In Cal Newport's Deep Work, a man named Adam Marlin spends every morning deciphering symbols on pages from the Talmud. The claim is that the sustained concentration exercises the brain, and the gained strength is useful for tasks unrelated to religion, like Adam's challenges as a businessman. To me, Knuth's book The Art of Computer Programming (TAOCP) also appears as a challenge of deciphering symbols and should serve as a Talmud for the gentile:

Should it be a rite of programming passage? Multiprecision integer division is just plain tough to get 100% right. And Knuth's description is hard to follow, with my small working memory able to keep only a subset of his single letter named variables in my mind at once.

The first hit on time will probably be that the current impplementation of bignumber will need to be augmented with a few new tools. You'll need the ability to access a section of digits at the most significant end of your big number. This could require a little time in the plumbing if you've abstracted the internal representation too far away from your typical means of access like I had. I'd also eliminated redundant leading zeros, but the dividend often needs to be padded on the left by one zero during the normalization phase.

On the Deamentia Mundo Blog I found that the Hacker's Delight book has implementations, one for 16-bit digits with native ops available 32 and one for 32-bit digits with native ops available in 64. Mirrors here and here. Warning: this implementation's "m" variable is the length of the dividend, but in Knuth's it's difference in digits between the dividend and divisor. So why write it yourself? If a coworker found out, you'd be charged with "reinventing the wheel". Well I think there is much value in reinventing the wheel sometimes. And there are so many wheels already invented that rule prohibiting one to never reinvent wheels would leave 99% of us completely paralyzed.

The algorithm is the gradeschool method. Knuth's modifications occur at three parts:

The dividend $u$ and divisor $v$ are scaled (multiplied) by the same constant. This obviously doesn't affect the quotient $q$. TAOCP calls this "normalization" and is done for two reasons. First, it makes $v$'s leading digit at least as large as the base, which makes the next digit $\widehat{q}$ of the quotient $q$ easier to guess. Second, it makes $u$ have an additional digit so that every successive $\widehat{q}$ can be computed by a 2-digit glance at the front of $u$ and a 1-digit glance at the front of $v$. Otherwise the first $\widehat{q}$ would need additional logic to decide whether to access and replace either 1 or 2 digits from $u$.
A smart method of guessing and adjusting the next digit $\widehat{q}$ of $q$. Some proofs and exercises are provided to show that the guess is going to be damn good, specifically $\widehat{q} - 2 \le q \le \widehat{q}.$
In the unlikely case (TAOCP says probability $2/base$) that $\widehat{q}$ is too large by 1, you have to go back and adjust. You can instead check if $\widehat{q} * v$ is larger than the part of $u$ that it will be subtracted from, and decrement $\widehat{q}$ in advance.

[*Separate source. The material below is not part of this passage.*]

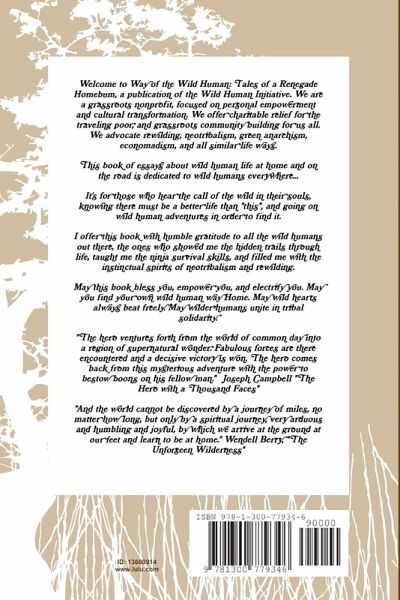 Way of the Wild Human is a guidebook on all things wild human. It's a compilation of essays about wild human life at home and on the road. This book is the first of a series being published by the Wild Human Initiative, a grassroots nonprofit focused on rewilding, community building, neotribalism, green anarchism, nomadism, and all related topics. We provide charitable relief for the traveling poor, and we advocate grassroots community building for us all. This book empowers the readers to activate wild humanism in their own lives, and to help manifest change in society at large.
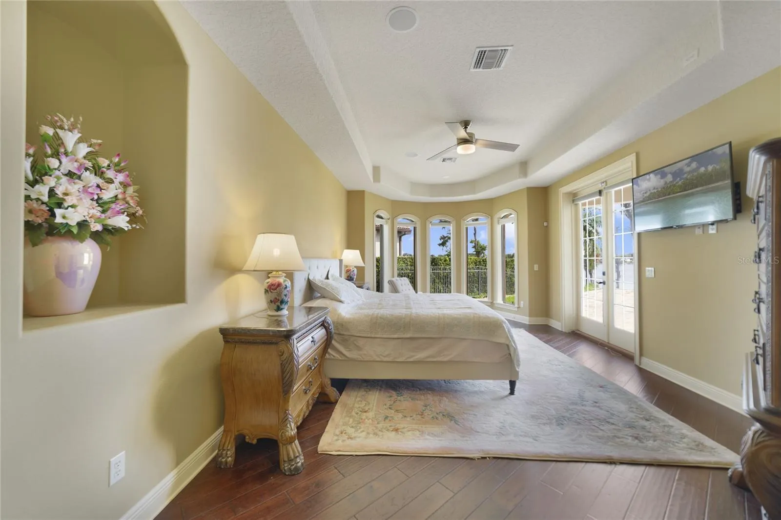 The primary suite is expansive, featuring a private sitting area with panoramic bay windows that showcase the lake. The spa-inspired bath includes a double-entry walk-through shower, whirlpool tub, and dual vanities.\r\n

I'm nearly dependent on a mental picture, needing to imagine the loop variables moving across the data that they index, the data sizes in relative scale, and the result being built one digit at a time:

Here are some additional tips:

have a bignum "playground" open to compare and test with - I used the python REPL
do not optimize or play arithmetic tricks, just get it working and make incremental improvements later
if you're not fast with a debugger, invest in bignum dumping and printing routines
find meaningful labels for the notation, like "first digits" or "head" instead of u_j+n * b + u_j+n-1
use the familiar base 10 when constructing examples to demonstrate some of the algorithms intricacies, for example 19800/1 normalizes to 99000/5 and it's clear why a leading zero is needed (without it, 99/5 > b)
have test code against a trusted library, here for GNU MP:

    for(int i=0; i<N_TESTS_DIV; ++i) {
        do {
            generate_inputs(their_a, &our_a, true);
            generate_inputs(their_b, &our_b, true);
        }
        while(bn_zerotest(&our_b));

        mpz_tdiv_qr(their_quotient, their_remainder, their_a, their_b);
        bn_div(&our_quotient, &our_remainder, &our_a, &our_b);

        if(0 != compare(their_quotient, &our_quotient)) { /* ... */ }
        if(0 != compare(their_remainder, &our_remainder)) { /* ... */ }
    }

After I got it working, I discarded it. The first reason is that the Hacker's Delight (HD) implementation runs faster. Second, there are cases where the raw digit access used by HD's implementation is necessary, like during mulmod() and expmod(), where an array of digits has to temporarily hold a product twice as long as the bignums can hold. In other words, HD's implementation is more general. It can be pointed at any array of digits, whether it's within the guts of a bignum or alloca()'d or malloc()'d uint32_t's.